Austin Dunne

Personal information
- Date of birth: 31 July 1934
- Place of birth: Limerick, Ireland
- Date of death: 5 March 2007 (aged 72)
- Place of death: Tonbridge, Kent, England
- Position(s): Wing half

Youth career
- Garryowen Celtic
- Limerick

Senior career*
- Years: Team / Apps / (Gls)
- 1950/1–1953: Limerick
- 1953–1955: Colchester United / 1 / (0)
- 1956–1962: Tonbridge

= Austin Dunne =

Irish footballer (1934–2007)

Austin Dunne (31 July 1934 – 5 March 2007) was an Irish professional footballer who played in the League of Ireland for Limerick, and in England for Football League club Colchester United and Southern League club Tonbridge. Apparently he later played for Deal Town but details are sketchy.

==Career==
Austin Dunne was born in Limerick on 31 July 1934. He signed for Limerick from Garryowen Celtic during the 1950–51 season, began his League of Ireland career as a 16-year-old centre forward, was described as "showing great promise and was proving a worthwhile addition to the side", and finished that season as the club's joint top scorer in league competition, albeit with only five goals. He represented Ireland in junior and youth international matches.

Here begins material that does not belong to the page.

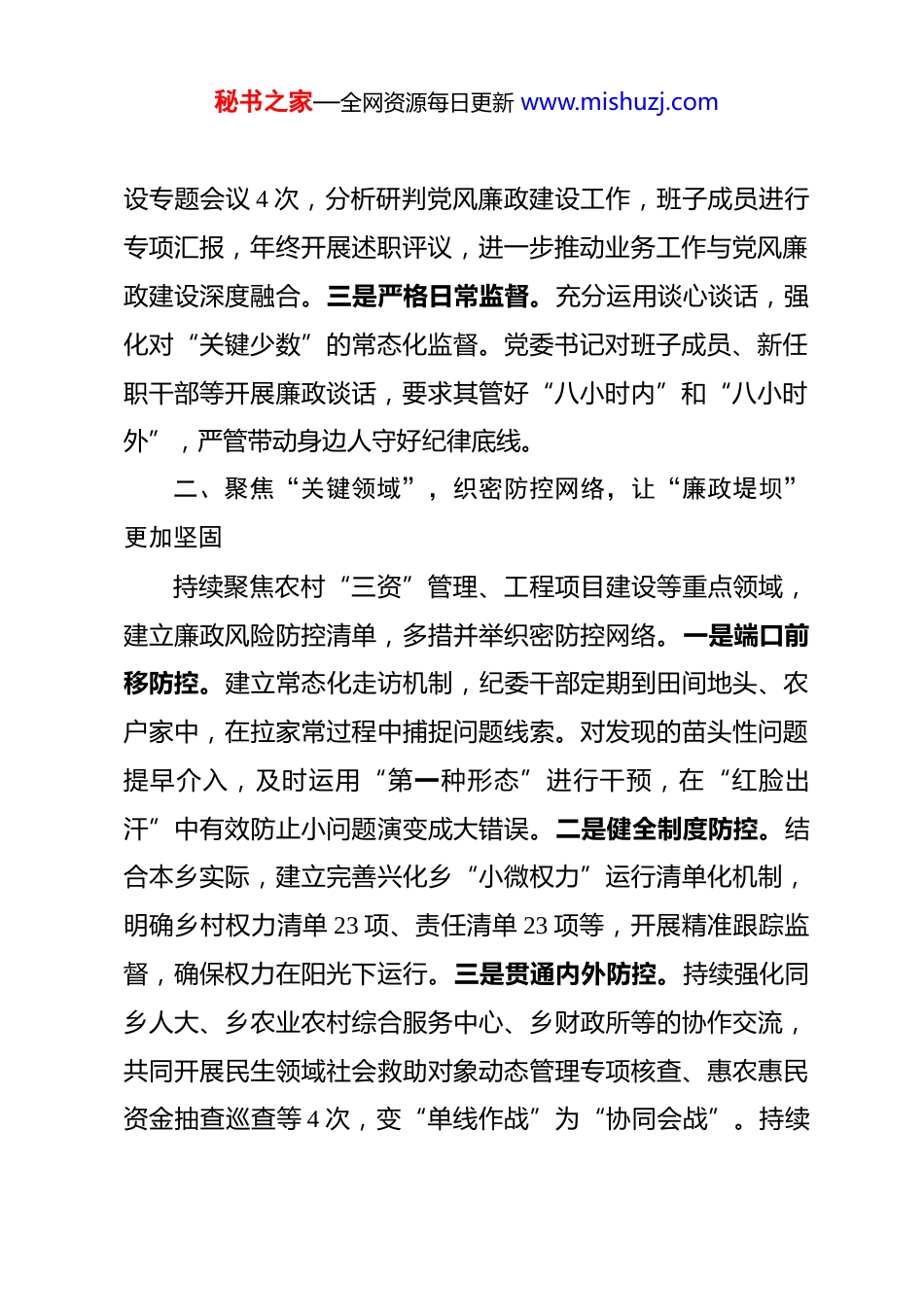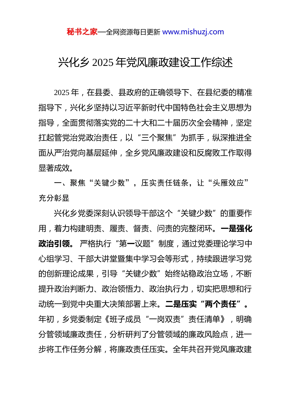 秘书之家—全网资源每日更新 www.mishuzj.com兴化乡 2025 年党风廉政建设工作综述2025 年,在县委、县政府的正确领导下、在县纪委的精准指导下,兴化乡坚持以习近平新时代中国特色社会主义思想为指导,全面贯彻落实党的二十大和二十届历次全会精神,坚定扛起管党治党政治责任,以“三个聚焦”为抓手,纵深推进全面从严治党向基层延伸,全乡党风廉政建设和反腐败工作取得显著成效。一、聚焦“关键少数”,压实责任链条,让“头雁效应”充分彰显兴化乡党委深刻认识领导干部这个“关键少数”的重要作用,着力构建明责、履责、督责、问责的完整闭环。一是强化政治引领。 严格执行“第一议题”制度,通过党委理论学习中心组学习、干部大讲堂暨集中学习会等形式,持续跟进学习党的创新理论成果,引导“关键少数”始终站稳政治立场,不断提升政治判断力、政治领悟力、政治执行力,切实把思想和行动统一到党中央重大决策部署上来。二是压实“两个责任”。年初,乡党委制定《班子成员“一岗双责”责任清单》,明确分管领域廉政责任,分析研判了分管领域的廉政风险点,进一步将工作任务分解,将廉政责任压实。全年共召开党风廉政建秘书之家—全网资源每日更新 www.mishuzj.com设专题会议 4 次,分析研判党风廉政建设工作,班子成员进行专项汇报,年终开展述职评议,进一步推动业务工作与党风廉政建设深度融合。三是严格日常监督。充分运用谈心谈话,强化对“关键少数”的常态化监督。党委书记对班子成员、新任职干部等开展廉政谈话,要求其管好“八小时内”和“八小时外”,严管带动身边人守好纪律底线。二、聚焦“关键领域”,织密防控网络,让“廉政堤坝”更加坚固持续聚焦农村“三资”管理、工程项目建设等重点领域,建立廉政风险防控清单,多措并举织密防控网络。一是端口前移防控。建立常态化走访机制,纪委干部定期到田间地头、农户家中,在拉家常过程中捕捉问题线索。对发现的苗头性问题提早介入,及时运用“第一种形态”进行干预,在“红脸出汗”中有效防止小问题演变成大错误。二是健全制度防控。结合本乡实际,建立完善兴化乡“小微权力”运行清单化机制,明确乡村权力清单 23 项、责任清单 23 项等,开展精准跟踪监督,确保权力在阳光下运行。三是贯通内外防控。持续强化同乡人大、乡农业农村综合服务中心、乡财政所等的协作交流,共同开展民生领域社会救助对象动态管理专项核查、惠农惠民资金抽查巡查等 4 次,变“单线作战”为“协同会战”。持续秘书之家—全网资源每日更新 www.mishuzj.com强化对村务监督委员会业务培训和指导,在护林防火、汛期防汛等重要时期,通过实战化监督演练提升发现问题和监督纠偏能力,激活“末梢神经”成为监督“前哨”,形成乡、村两级监督合力。三、聚焦“关键环节”,实施精准监督,让“权力链条”规范运行紧盯权力运行过程中的决策、执行、公开等核心环节,推动监督关口前移。一是深化公开环节。持续开展村监委会主任业务培训工作,开展集中培训 2 次,乡纪委书记实地检查 12 次,推动提升监督能力。持续开展村务公开,对村级重大事项决策、大额资金使用等,严格落实“四议两公开”制度,切实推动决策公开、执行公开,充分保障群众知情权、参与权、监督权。二是保持执行刚性。围绕乡村振兴重点项目等落实情况,开展嵌入式、跟踪式监督。围绕重大民生项目执行落地,深入开展群众身边不正之风和腐败问题专项督查,不定期开展现场核查、走访群众等,形成“违法必被究”的高压态势,让执纪刚性为生态“清淤”。三是运用文化育人。在查办案件的同时,兴化乡纪委对案件进行深入剖析,针对违纪违法问题开展“专题化”警示教育 2 次,让监督的“力度”与“温度”并存,用柔性教育为生态“滋养”。深入推动廉洁文化建设,紧密结合村秘书之家—全网资源每日更新 www.mishuzj.com规民约等,挖掘和添加廉洁家风家训、清廉乡贤文化等,营造崇廉尚洁的浓厚氛围,使廉洁理念内化于心、外化于行。下一步,兴化乡党委将坚持严的基调、严的措施、严的氛围不动摇,以更高标准、更实作风,持续推进全面从严治党向纵深发展,奋力谱写兴化乡风清气正、干事创业的新篇章,为全乡高质量发展保驾护航。

Dunne moved to England, where he signed for Colchester United in October 1953. It was 18 months before he made his first-team debut, playing at left half in a 2–1 defeat away to Gillingham in the Football League Third Division South on 9 April 1955. It was his only senior appearance. He left on a free transfer at the end of the 1955–56 season for Tonbridge of the Southern League, and over the next six years, scored 15 goals from 201 appearances in all competitions for the club. He also demonstrated his positional versatility: as well as the forward role that began his career and his "natural" position of wing half, he was often used at centre half.

Dunne moved to Deal Town during the 1964 /65 season.

Dunne was married to Anne née Englefield, whom he met while she was a student nurse at the hospital where his fractured wrist was being treated during the 1956–57 season. They had three children. Dunne died in Tonbridge on 5 March 2007 at the age of 72.